A still from the film Three Thousand Years Of Longing starring Tilda Swinton. PHOTO: SHAW ORGANISATION

Three Thousand Years Of Longing (M18)

108 minutes, opens on Thursday

4 stars

The story: Dr Alithea Binnie (Tilda Swinton) is a scholar who has settled into books and research. She has chosen the single life, one marked by calmness and reason. While in Istanbul at a conference, she meets a spirit known as a djinn (Idris Elba), who offers her three wishes in exchange for his freedom. Is he telling the truth or seeking to trick her? Based on the 1994 short story The Djinn In The Nightingale's Eye by British author A.S. Byatt.

At first glance, this appears to be a mystery thriller disguised as a fantastical tale of an Oriental djinn released from a bottle by a Western woman of science. Dr Binnie and the djinn come to the table aware of each other's reputations, based on myths - she is supposed to be wary of the consequences of making poor wishes, he is supposed to be a trickster out to manipulate her.

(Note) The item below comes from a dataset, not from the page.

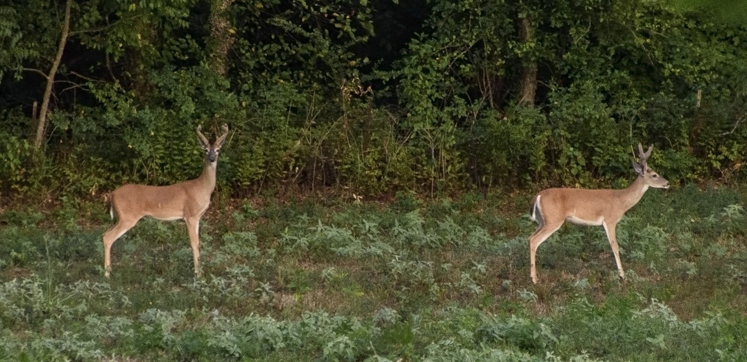 Two young bucks have been grazing amongst the goatweed. This prompted me to buy a bag of deer corn for the feeder to give them something decent to eat. The deer are perfectly safe on our farm. The only four-legged creature at risk are feral hogs.

But director and co-writer George Miller seems to lose interest in that thread after a while, and appears more intent on world-building. If there is something that Miller knows, it is creating cultures, which he did so terrifically in the dystopian environments of the four Mad Max movies (1979 to 2015). Everything his wasteland marauders owned was stuck together from detritus - clothes, cars and even their language and myths.

The appearance of the djinn in Dr Binnie's Istanbul hotel room is a framing device for Miller's real interest - the flashbacks to the spirit's past life in the royal courts. These interludes are semi-comic, visually lavish affairs, each one a pearl in a gaudy necklace. There are feasts and orgies (note the M18 rating) that tap Miller's fascination with the fleshiness of bodies. Remember the seraglios, breeders and lactation chambers in Mad Max: Fury Road?

This movie is no tightly plotted work of thematic perfection. In fact, the closing scene feels unnecessarily drawn out.

But Three Thousand Years Of Longing does offer a fascinating glimpse into how one of the most visually inventive Western brains of our time has processed his love of an Orient that has only ever existed in myths.

Hot take: The decadent recalls, rather than the contemporary story, make you wish for more.